## ABOUT THIS TASK
Nothing but the lines below from the one with "BOLOGNA – MALTA" through the one with "未来科技感十足的场景,深蓝色" should be output, each exactly as given, and no pictures.

## THE INPUT
● ● ● ● ● ● ●

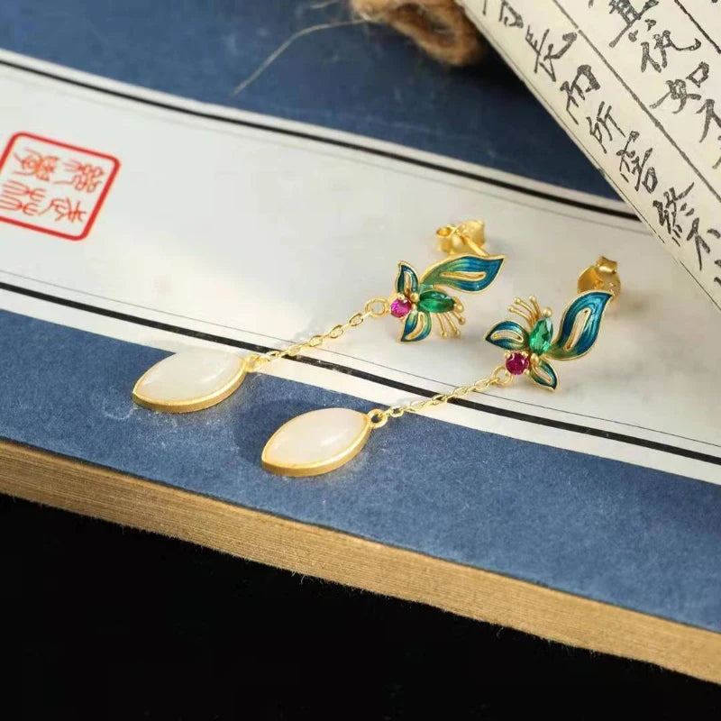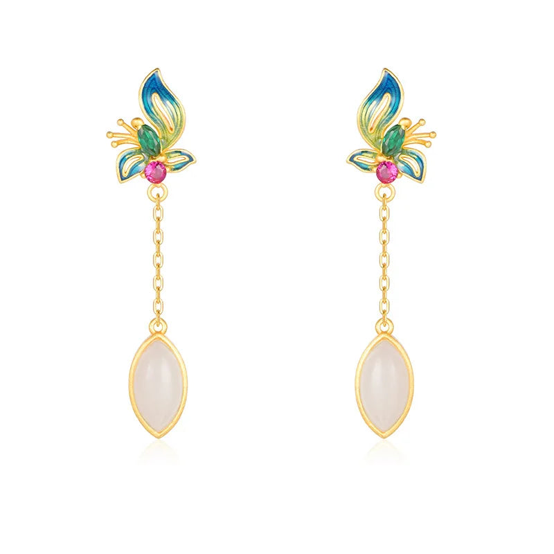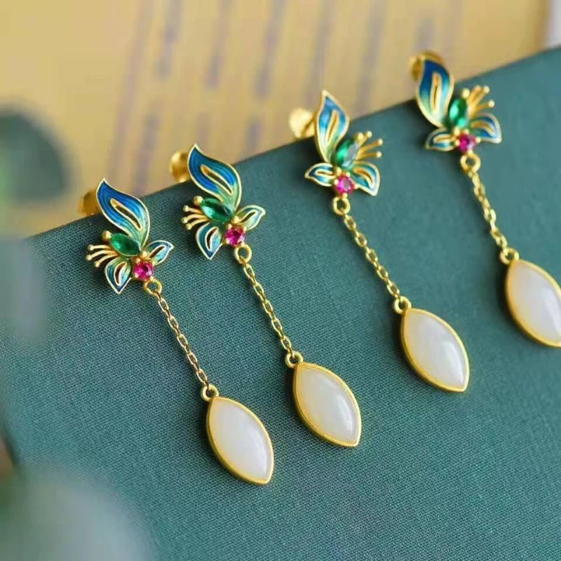 Natural Hetian White Jade Court Style Earrings for Women Original Butterfly Vintage Chinese Styles Earings High Fine Jewelry
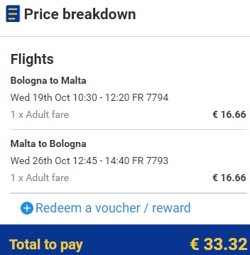 BOLOGNA – MALTA – BOLOGNA (www.ryanair.com) – ročna prtljaga
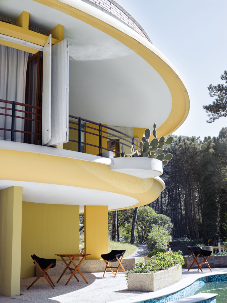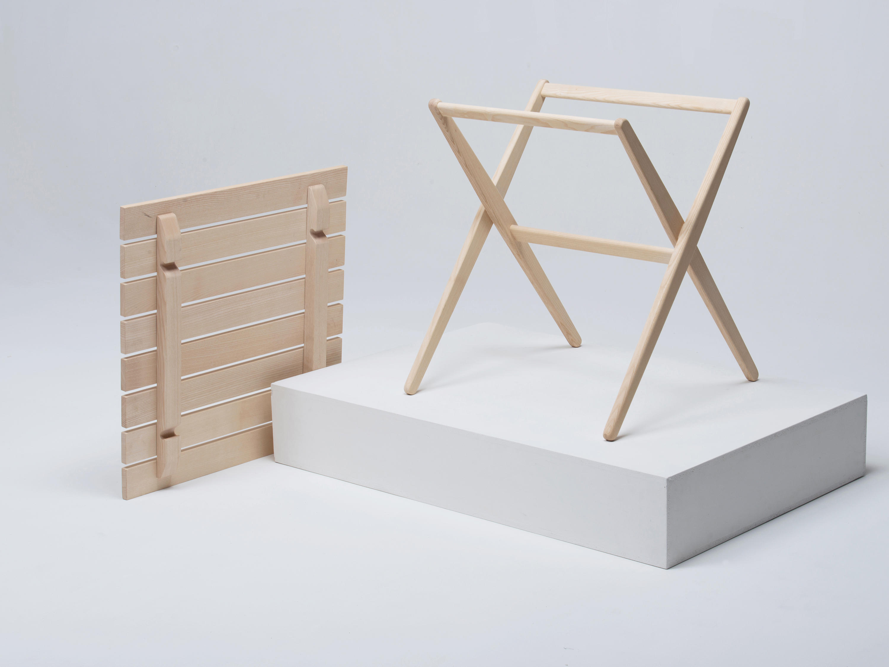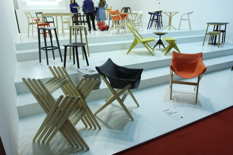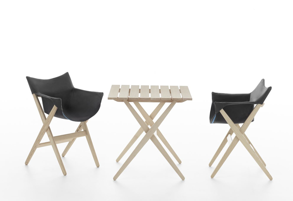 Fionda系列家具的特点是一个固体灰折叠框架与座椅制成
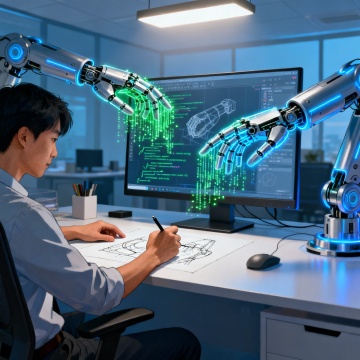 未来科技感十足的场景,深蓝色调为主,带有明亮的蓝白色发光元素,光影对比强烈,光线从机器人手指和笔记本屏幕散发出来形成光晕效果。一个人正在使用笔记本电脑,他的手放在键盘上,另一只半透明的机器人手从上方伸出,手指指向屏幕上的全息界面。周围悬浮着多个半透明的全息数据窗口,包含各种图表(折线图、柱状图、饼图)、仪表盘、圆形和方形的控制面板元素,界面线条流畅,带有科技感的蓝色发光边框。背景深邃模糊,突出前景的手部、笔记本和全息元素,整体营造出高科技、数字化、未来感的氛围,具有清晰的视觉层次,主体元素突出,细节丰富,画面具有电影感的景深和质感。
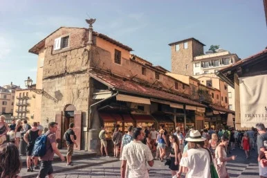 베키오 다리는 원래 교량의 기능 외에 시민들이 일상적으로 장을 보는 곳이었다. 당시 판매되는 물건들은 주로 아르노 강가의 생선이나 육고기 등이었는데, 생선을 손질한 뒤에 나오는 비린내 나는 찌꺼기들을 쉽게 버릴 수 있는 장소였기에 가판점들이 들어서게 된 것이다. 그런데 오늘날 베키오 다리를 가보면 귀금속 상점들이 즐비하다. 여기는 재미있는 사연이 존재한다. 당시 메디치가의 훼르디난도 대공은 바사리 통로를 통해 이동할 때 아래에서 올라오는 악취를 견길 수가 없어 베키오 다리의 상가 업종을 변경하고 거리를 재정비하도록 명령을 내렸다. 그 당시 권력자의 독단적이고 이기적인 결정이 오늘날 베키오 다리를 유명하게 만든 원인이라니 아이러니하다. 그러나 이유가 어찌 되었던 이후로 베키오 다리는 피렌체를 남북으로 이어주고 피렌체의 구도심을 하나로 이어주는 역할을 하게 된다.
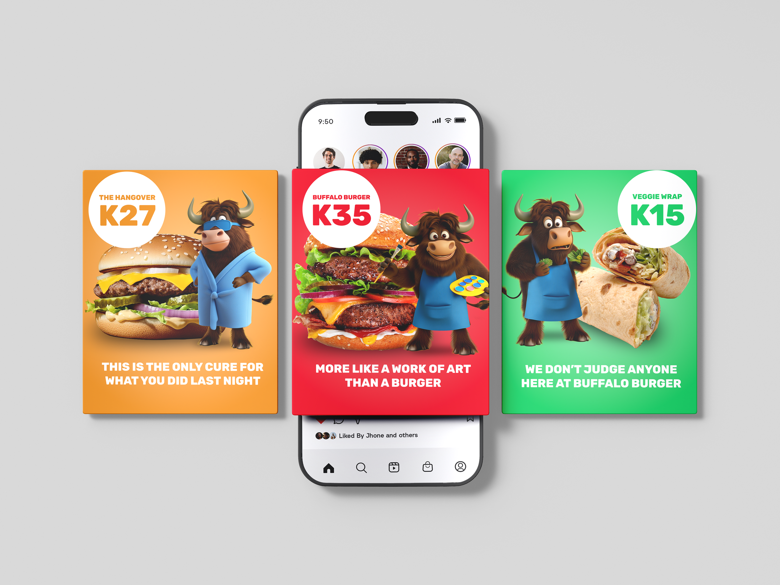 As the official “spokesbuffalo,” Buster transforms the menu into an experience, delivering content in a playful, high-impact way that captures attention and drives engagement. Designed with flexibility in mind, his character extends seamlessly across costumes, scenarios, and seasonal moments — often adding humour and personality to hero menu items.
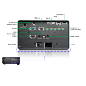 Cổng kết nối: VGA-In (15pin D-Sub), HDMI, Display Port, DVI-D, Component (5 BNC) (RGBHV), Component (YPbPr BNC x 3), VGA-Out (15pin D-Sub), RJ45, IP Telnet Trong khả năng RJ-45, 12V Trigger, kích hoạt cổng Type, RS-232, 3D Sync Out, USB B, từ xa Jack (dây từ xa)

● ● ● ● ● ● ●

## ANSWER SECTION
 BOLOGNA – MALTA – BOLOGNA (www.ryanair.com) – ročna prtljaga
 Fionda系列家具的特点是一个固体灰折叠框架与座椅制成
 未来科技感十足的场景,深蓝色调为主,带有明亮的蓝白色发光元素,光影对比强烈,光线从机器人手指和笔记本屏幕散发出来形成光晕效果。一个人正在使用笔记本电脑,他的手放在键盘上,另一只半透明的机器人手从上方伸出,手指指向屏幕上的全息界面。周围悬浮着多个半透明的全息数据窗口,包含各种图表(折线图、柱状图、饼图)、仪表盘、圆形和方形的控制面板元素,界面线条流畅,带有科技感的蓝色发光边框。背景深邃模糊,突出前景的手部、笔记本和全息元素,整体营造出高科技、数字化、未来感的氛围,具有清晰的视觉层次,主体元素突出,细节丰富,画面具有电影感的景深和质感。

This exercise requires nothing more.